Various clinical tools have been developed in order to score febrile children as a means to predict the severity of illness, but these scores have been found to be nonspecific and of limited use in clinical practice, especially when used as positive predictors of serious bacterial infection (SBI).^[2]

Fever in young children may represent both insignificant viral infections and SBI which is often not associated with a distinguishable source of infection.^[3] Seeking markers of invasive disease, as well as culture positivity for organisms, has been a goal of paediatricians for many years.

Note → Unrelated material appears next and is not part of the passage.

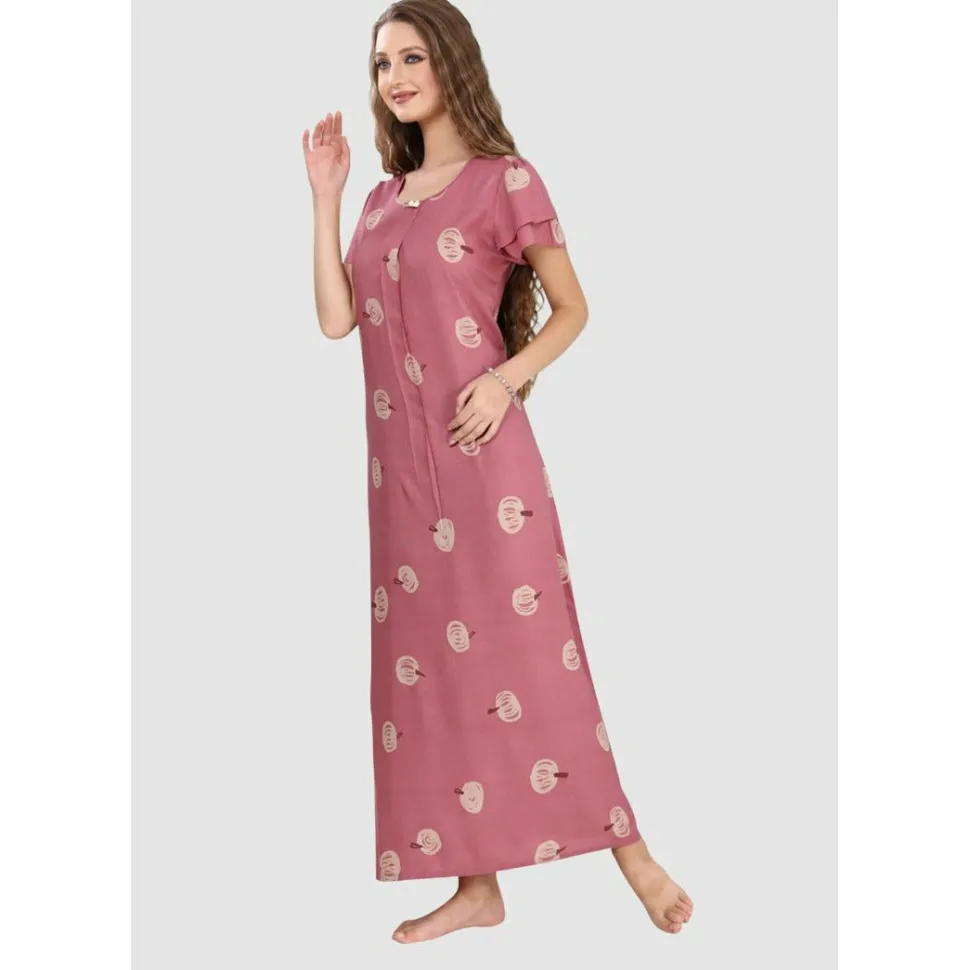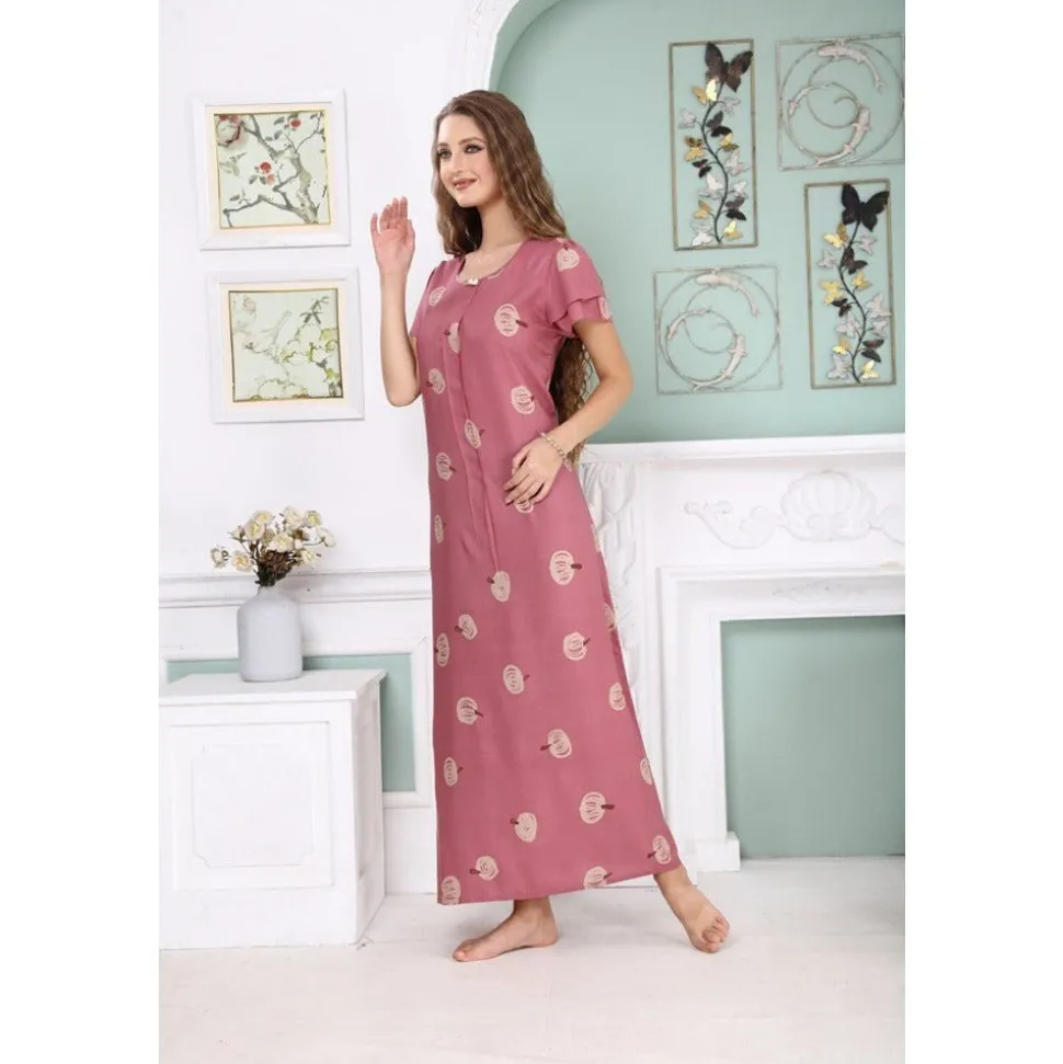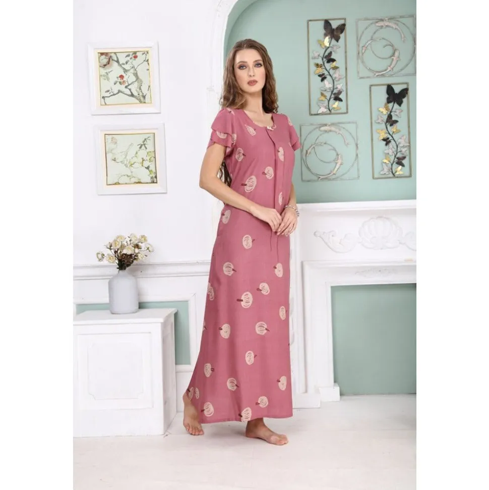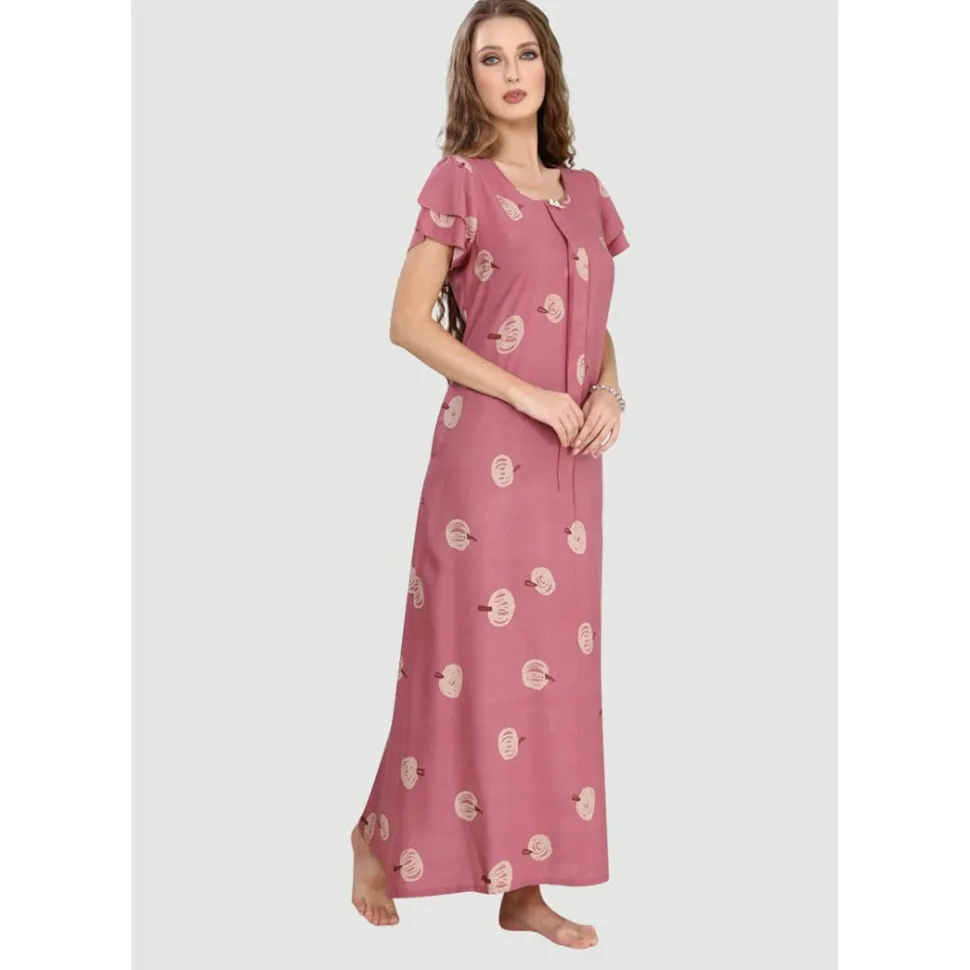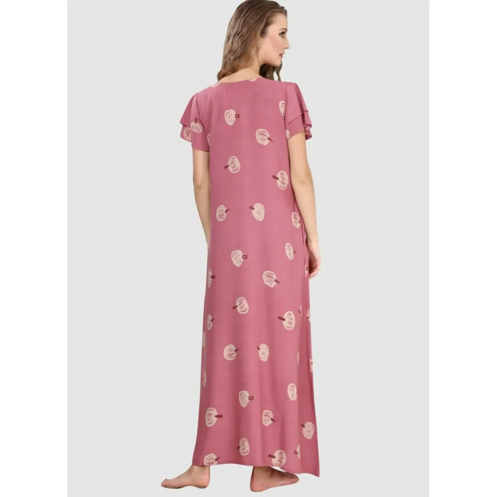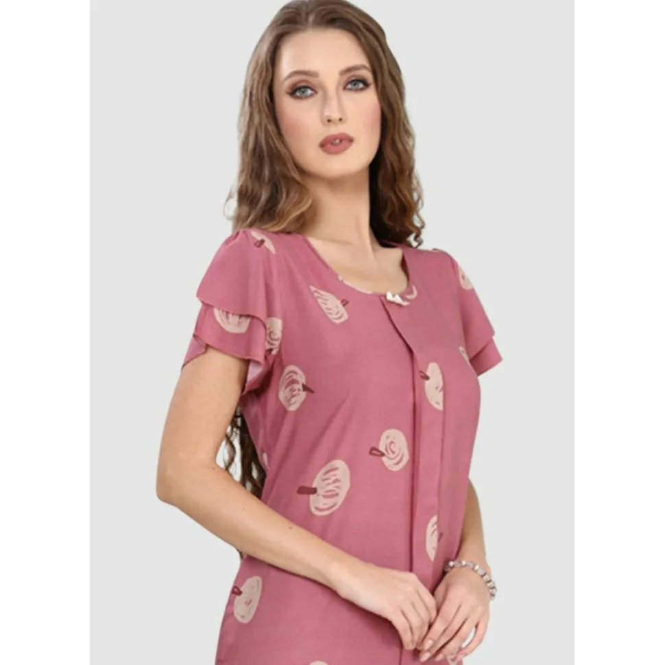 Buy 100% Rayon Short Flutter Sleeve Long Nighty-Rose

The evidence thus far, for multiple site testing, as well as multiple testing methods to detect SBIs in febrile young children, is unclear. In addition to selecting antibiotics for appropriate infections, the avoidance of unnecessary antibiotic use should also be considered important in this time of emerging multiresistant micro-organisms. This is an important aspect of antibiotic stewardship.^[4]

 

Methods

A prospective, cross-sectional study over a 1-year period (1 December 2013 - 30 November 2014) of children presenting to Steve Biko Academic Hospital (SBAH), Pretoria, was conducted.

The study sampling strategy included paediatric patients requiring admission who met inclusion criteria and presented to casualty, the outpatients department or directly to the wards.

Approval was obtained from the Department of Paediatrics and Superintendent of SBAH, as well as the MMed and Ethics committees of the University of Pretoria. Informed consent was obtained from the parents/guardians of each participant.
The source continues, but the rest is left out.